Everything great about White Zombie begins in the opening scene: a couple travels by carriage through Haiti and is stopped after dark by a funeral procession burying a body in the middle of the road. The middle of a highway is the only place a body is safe from sorcery; the carriage passes towards its destination, where the couple unloads their bags and heads towards the house of their host. Meanwhile, the driver has noticed movement on the hill behind them. "Zombies!" he warns, and hurries home.

I like the idea that zombies roam the countryside but shy from any encounter they cannot win unless in number. It makes them more like leopards - fearful things that emerge after sunset, things that can be avoided if only one is careful where one goes after dark. The couple, of course, is fated for a different end, a third man having fallen so desperately in love with the woman that he is willing to do anything to satisfy the fever pitch of his obsession.
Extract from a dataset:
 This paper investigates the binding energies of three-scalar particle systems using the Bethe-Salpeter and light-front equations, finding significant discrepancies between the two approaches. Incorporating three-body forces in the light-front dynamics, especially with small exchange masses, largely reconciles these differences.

Lugosi - alias Murder Legendre - enters the picture, the young man takes a tour of a sugar plantation run by the undead, and nothing after that is ever quite as effective as the sights and sounds that came before. Well, except for a cemetery like the aftermath of a mudslide, swelled and scattered across the dark face of a hill.
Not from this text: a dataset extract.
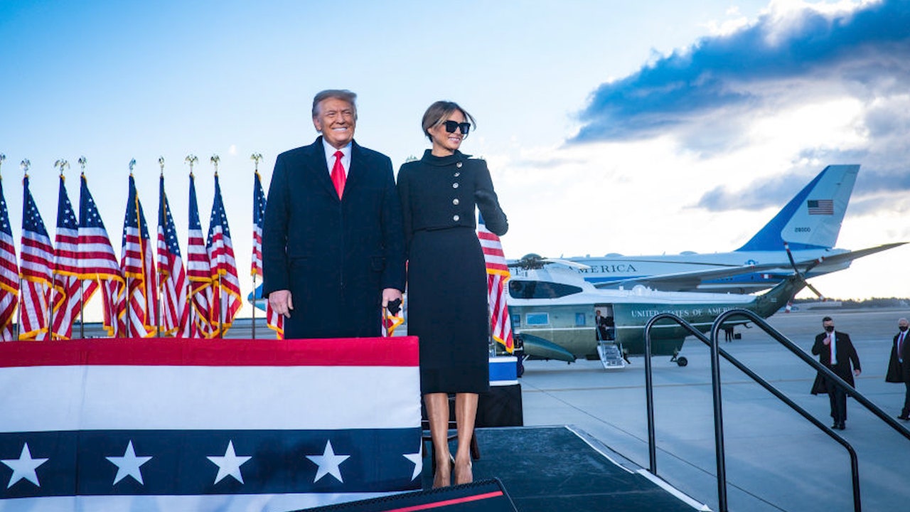 FILE - President Donald Trump and First Lady Melania Trump acknowledge supporters at Joint Base Andrews before boarding Air Force One for his last time as President on January 20, 2021 in Joint Base Andrews, Maryland.

To be watched late at night, when the considerable ordinary seems less so, or not at all.

Shadow of a 75-Watt Bulb

Shadow of the Thin Man (1941)
directed by W. S. Van Dyke
rating: 2 out of 5 cravats
seen on the screen at the Old Town Music Hall

Shadow of the Thin Man finds Nick and Nora in San Francisco, and less the San Francisco of The Lineup than the Bay City a pair of New York transplants would be more likely occupy: studio sets, a canopied park, and a short little tour across the bridge. Unlike Myrna Loy, Donna Reed never played the vamp, even in her earliest roles; here, she could be Mary Hatch taking summer work in college, although if that were true, Mrs. Bailey probably wouldn't have been so happy in Bedford Falls. It isn't that the usual alcoholism jokes don't ring true, or that the Charles' cynical take on child-rearing isn't fun, but Nick even admits that getting a suspect to talk is the surest way to solve the crime, and this one has to many suspects to keep track of, let alone listen to.

Sunday, October 11, 2009

Skies of Funny Named Stars

The Man Who Shot Liberty Valance (1962)
directed by John Ford
rating: 5 out of 5 cravats
seen on the screen at the Egyptian Theatre

Seeing The Man Who Shot Liberty Valance on the big screen was probably one of the best movie experiences I've ever had, and this time the new things I noticed all take place at the beginning and the end. I think Syl and I agree that each time we watch the film, we have less and less respect for Ransom Stoddard. Condescending in his average interaction with the good townspeople of Shinbone, he's similarly pathetic throughout the most public example of his "Mr. Law & Order" approach to the eponymous villain: instead of just picking up Tom's steak with a glare, he flops around on the floor and shrilly berates both Doniphon and Valance, making a spectacle of himself and not really convincing (except, I guess, Tom) a soul.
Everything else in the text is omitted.